Work instructions ▸
Pictures in the records below must be left out. Return exactly the lines from the line with "Mirror or extend" to the line with "In addition, the", both included.

The input ▸
#####

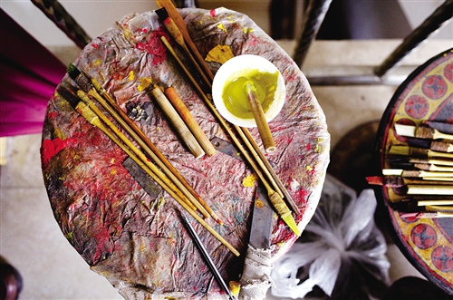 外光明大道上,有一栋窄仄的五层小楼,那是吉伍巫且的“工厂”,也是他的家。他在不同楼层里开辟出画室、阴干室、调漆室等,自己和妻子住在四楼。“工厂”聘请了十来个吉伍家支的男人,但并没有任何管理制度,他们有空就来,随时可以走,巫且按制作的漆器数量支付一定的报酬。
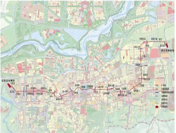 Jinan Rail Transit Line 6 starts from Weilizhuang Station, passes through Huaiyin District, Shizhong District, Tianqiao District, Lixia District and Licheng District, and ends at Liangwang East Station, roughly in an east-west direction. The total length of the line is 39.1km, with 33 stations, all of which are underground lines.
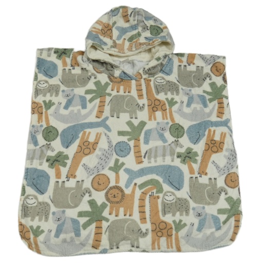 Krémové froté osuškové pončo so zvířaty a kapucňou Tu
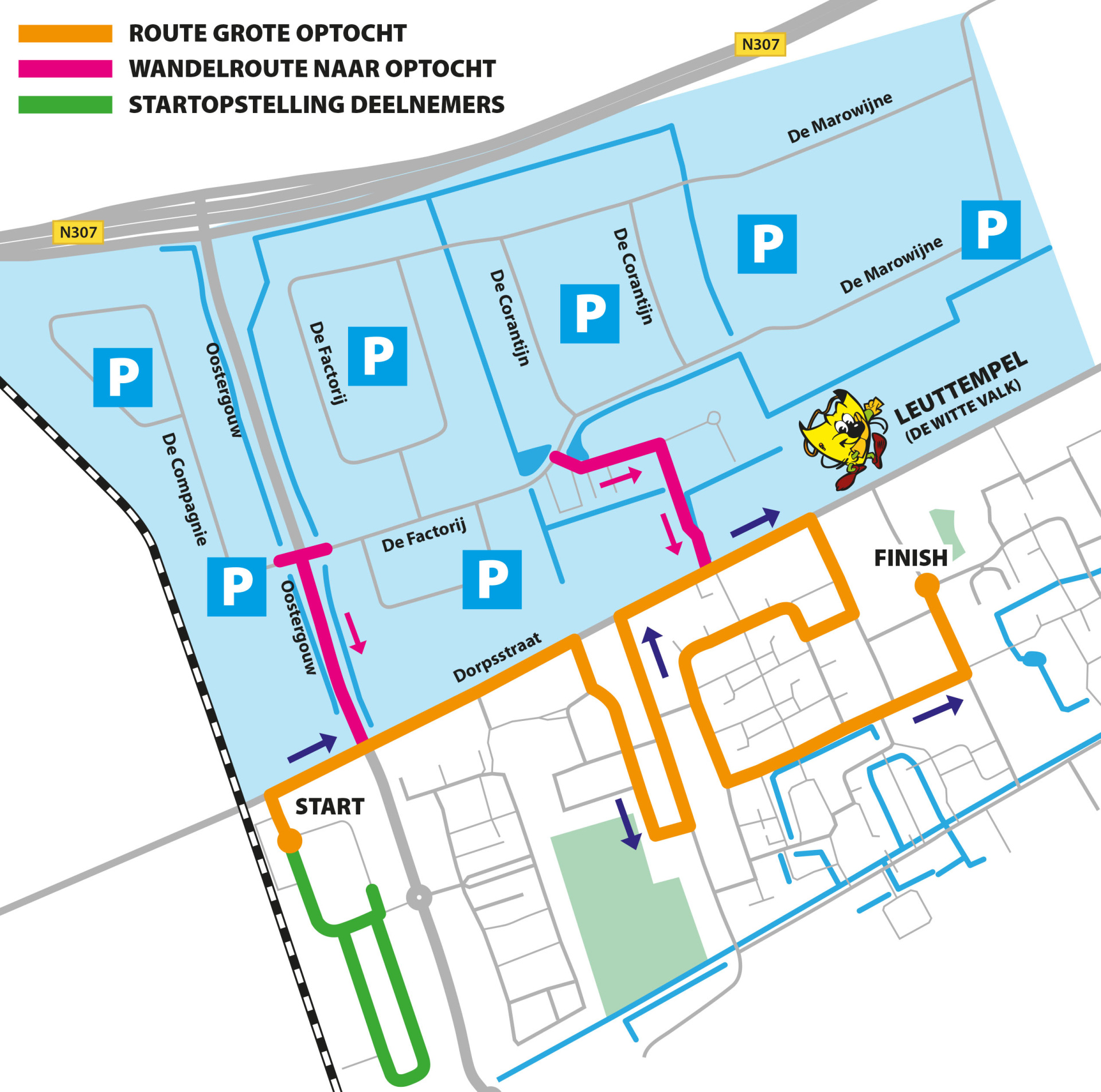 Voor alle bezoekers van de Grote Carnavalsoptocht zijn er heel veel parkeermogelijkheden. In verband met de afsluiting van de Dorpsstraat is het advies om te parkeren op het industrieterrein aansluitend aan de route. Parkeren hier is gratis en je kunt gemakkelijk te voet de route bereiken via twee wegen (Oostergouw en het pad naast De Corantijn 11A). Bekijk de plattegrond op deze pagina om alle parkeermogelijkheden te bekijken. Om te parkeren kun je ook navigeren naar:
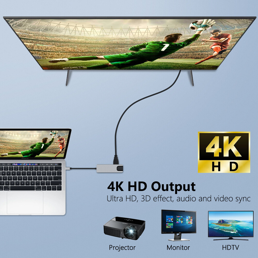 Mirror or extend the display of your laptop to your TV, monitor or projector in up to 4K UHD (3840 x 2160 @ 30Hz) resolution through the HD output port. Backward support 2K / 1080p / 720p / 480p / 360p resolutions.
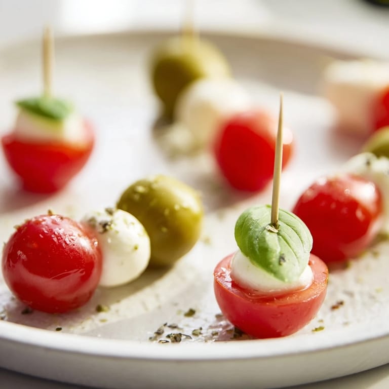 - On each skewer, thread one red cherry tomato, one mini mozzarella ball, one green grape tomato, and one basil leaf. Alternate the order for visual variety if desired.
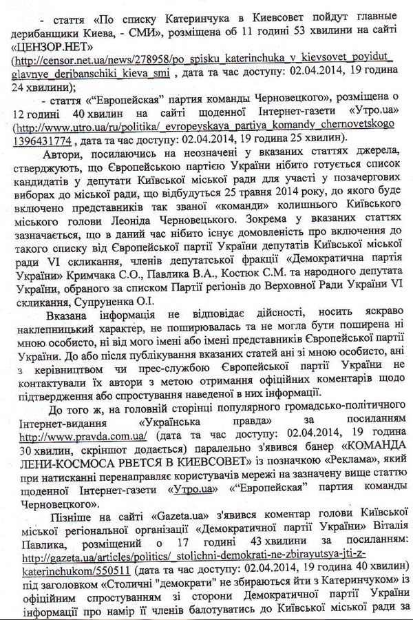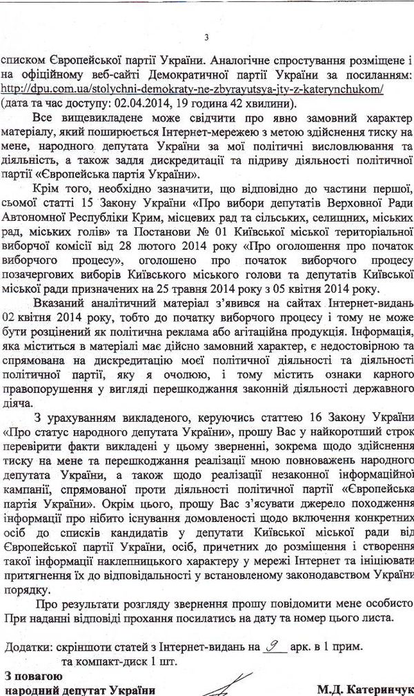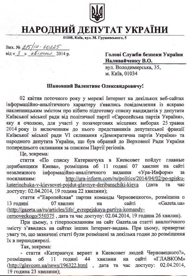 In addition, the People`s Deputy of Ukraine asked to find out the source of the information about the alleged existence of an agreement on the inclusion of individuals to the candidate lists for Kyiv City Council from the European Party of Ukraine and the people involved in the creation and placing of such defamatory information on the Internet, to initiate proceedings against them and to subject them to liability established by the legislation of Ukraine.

#####

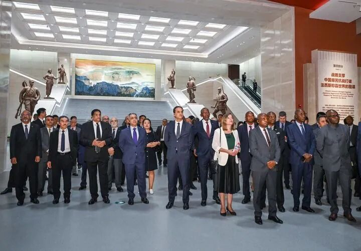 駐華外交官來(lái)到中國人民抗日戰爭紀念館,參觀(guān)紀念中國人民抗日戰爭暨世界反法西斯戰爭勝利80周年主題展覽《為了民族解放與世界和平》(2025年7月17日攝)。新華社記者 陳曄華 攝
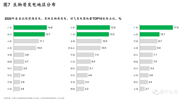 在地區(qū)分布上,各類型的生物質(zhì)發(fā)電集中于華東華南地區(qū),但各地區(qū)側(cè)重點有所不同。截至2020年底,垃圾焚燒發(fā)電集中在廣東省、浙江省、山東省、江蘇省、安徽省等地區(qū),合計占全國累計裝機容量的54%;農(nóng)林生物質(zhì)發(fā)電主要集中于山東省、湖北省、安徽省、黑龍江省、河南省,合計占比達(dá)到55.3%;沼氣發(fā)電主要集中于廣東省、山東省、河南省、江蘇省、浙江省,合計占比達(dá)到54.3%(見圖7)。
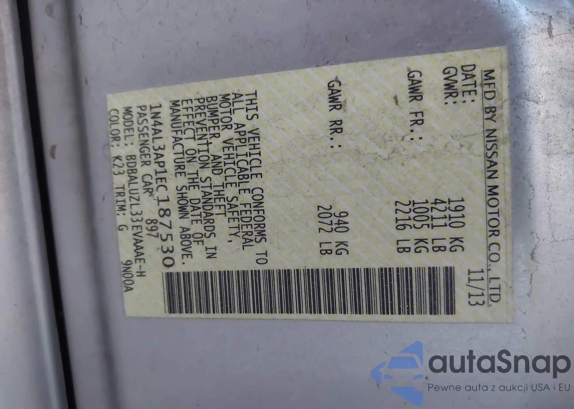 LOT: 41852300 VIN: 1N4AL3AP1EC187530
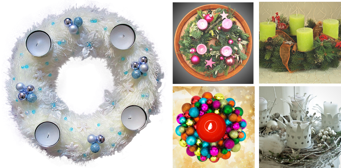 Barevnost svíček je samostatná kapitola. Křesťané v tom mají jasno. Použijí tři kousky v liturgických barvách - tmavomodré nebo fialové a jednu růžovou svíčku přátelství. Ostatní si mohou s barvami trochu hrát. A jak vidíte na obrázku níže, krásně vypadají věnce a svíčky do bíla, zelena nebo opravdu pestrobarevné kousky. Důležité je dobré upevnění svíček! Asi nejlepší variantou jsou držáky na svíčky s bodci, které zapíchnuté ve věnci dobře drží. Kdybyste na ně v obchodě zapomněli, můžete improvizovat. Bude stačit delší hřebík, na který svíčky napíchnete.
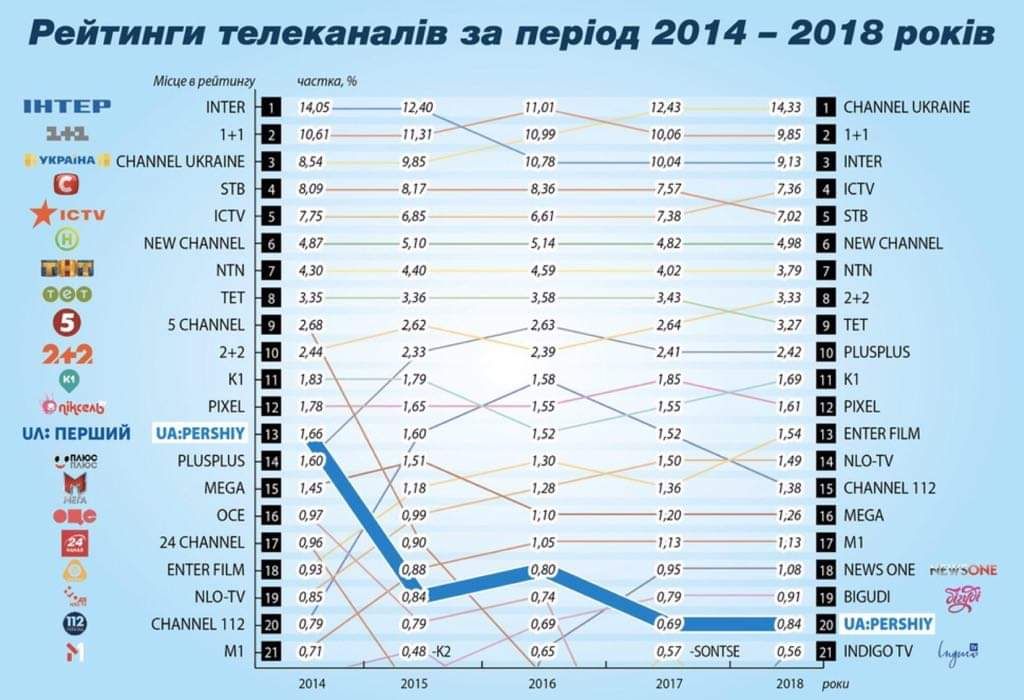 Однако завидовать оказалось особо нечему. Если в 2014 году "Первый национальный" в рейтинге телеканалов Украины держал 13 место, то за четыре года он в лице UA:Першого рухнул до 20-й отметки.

#####

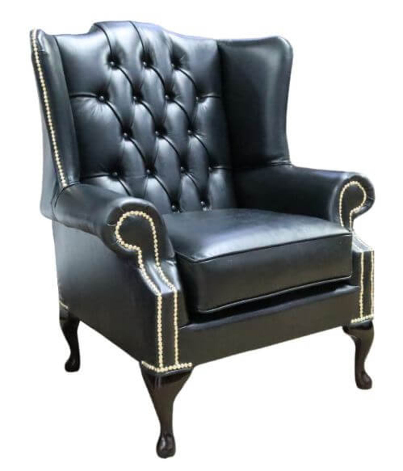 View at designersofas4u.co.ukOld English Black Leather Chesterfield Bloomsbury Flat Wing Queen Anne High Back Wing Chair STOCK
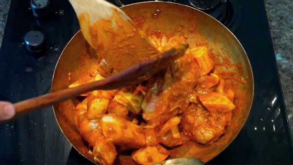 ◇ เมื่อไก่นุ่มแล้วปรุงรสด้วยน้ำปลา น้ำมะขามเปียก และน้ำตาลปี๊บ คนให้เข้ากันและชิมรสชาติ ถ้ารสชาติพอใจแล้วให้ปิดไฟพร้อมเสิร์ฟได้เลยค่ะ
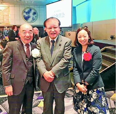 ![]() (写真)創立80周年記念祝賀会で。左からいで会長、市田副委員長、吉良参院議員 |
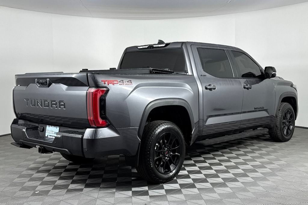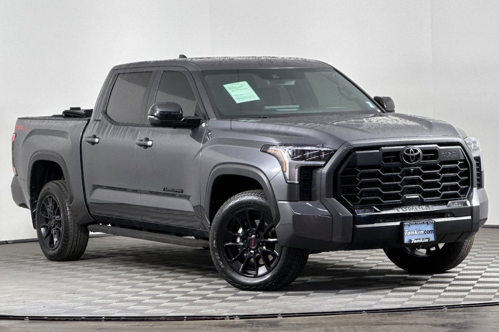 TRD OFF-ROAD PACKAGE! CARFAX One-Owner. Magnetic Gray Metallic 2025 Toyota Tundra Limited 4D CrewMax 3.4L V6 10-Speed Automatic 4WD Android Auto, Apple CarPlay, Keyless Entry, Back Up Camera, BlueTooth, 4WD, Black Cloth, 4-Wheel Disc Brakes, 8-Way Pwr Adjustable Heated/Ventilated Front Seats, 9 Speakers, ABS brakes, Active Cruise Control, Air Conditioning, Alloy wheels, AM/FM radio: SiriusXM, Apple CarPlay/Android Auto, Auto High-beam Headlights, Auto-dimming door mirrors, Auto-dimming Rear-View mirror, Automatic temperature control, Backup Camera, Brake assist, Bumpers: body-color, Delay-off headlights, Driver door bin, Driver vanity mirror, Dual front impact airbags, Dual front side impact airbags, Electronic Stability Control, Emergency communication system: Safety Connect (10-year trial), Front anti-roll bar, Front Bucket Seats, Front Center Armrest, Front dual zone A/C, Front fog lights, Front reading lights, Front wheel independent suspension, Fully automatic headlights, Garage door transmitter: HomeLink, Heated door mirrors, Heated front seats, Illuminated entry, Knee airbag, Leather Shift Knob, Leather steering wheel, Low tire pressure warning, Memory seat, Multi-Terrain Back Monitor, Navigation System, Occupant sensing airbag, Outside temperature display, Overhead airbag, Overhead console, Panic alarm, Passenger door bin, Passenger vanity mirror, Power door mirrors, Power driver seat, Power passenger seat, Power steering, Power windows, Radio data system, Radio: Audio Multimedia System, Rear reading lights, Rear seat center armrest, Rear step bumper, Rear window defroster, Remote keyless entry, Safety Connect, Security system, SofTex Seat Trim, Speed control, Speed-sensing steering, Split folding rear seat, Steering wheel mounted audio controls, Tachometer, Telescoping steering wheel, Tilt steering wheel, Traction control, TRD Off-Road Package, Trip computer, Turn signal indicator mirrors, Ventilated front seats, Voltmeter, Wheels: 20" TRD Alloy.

#####

Result ▸
 Mirror or extend the display of your laptop to your TV, monitor or projector in up to 4K UHD (3840 x 2160 @ 30Hz) resolution through the HD output port. Backward support 2K / 1080p / 720p / 480p / 360p resolutions.
 - On each skewer, thread one red cherry tomato, one mini mozzarella ball, one green grape tomato, and one basil leaf. Alternate the order for visual variety if desired.
 In addition, the People`s Deputy of Ukraine asked to find out the source of the information about the alleged existence of an agreement on the inclusion of individuals to the candidate lists for Kyiv City Council from the European Party of Ukraine and the people involved in the creation and placing of such defamatory information on the Internet, to initiate proceedings against them and to subject them to liability established by the legislation of Ukraine.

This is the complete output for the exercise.